Bio
More than singer-songwriter and piano virtuoso, Halifax-based Mat Hughes is a storyteller and performer of unique magnetism who makes each audience member feel like they’re catching up with an old friend. From playing dive bars and DIY house shows to touring across Canada and gracing hundreds of stages in his home province—most recently, the release show for his latest EP at The Stage at St. Andrews in Halifax—he’s quickly made a name for himself as one of Nova Scotia’s most original talents.

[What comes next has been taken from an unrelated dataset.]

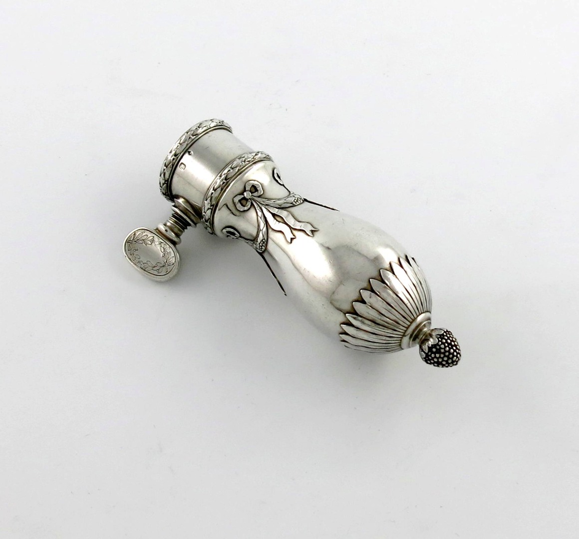 baluster handle, ribbon-tied and fluted decoration with a cone finial, length 12.7cm, approx. weight 9oz.

For all its foot-tapping, hi-fi instrumentation and subject matter liable to make you laugh out loud—from hot garbage to a bird flown headfirst into a window—Hughes’ third EP “South-Facing Dumpster” may at face value feel like a lighthearted pop album à la John or Joel. Upon closer listening, Mat's juxtaposition of upbeat melodies and wry, metaconscious lyricism exposes both the absurdity of our contemporary moment and the all-too-human ways we cope with it. Going for a walk to ward off the doom; sticking your head in the sand when the truth is too hard to swallow; mistaking light pollution for a sunrise. These songs teem with the platitudes of a thinly veiled nihilism, each terse line a live wire straight to the vein.
A cohesive continuation yet refined departure from his previous releases, “South-Facing Dumpster” asks what programmed motions steer us through an often-unforeseeable future; how the sun persists in its orbit despite all odds. And how on a road leading nowhere, full of streetlights illuminating nothing, we somehow find a way to enjoy the drive.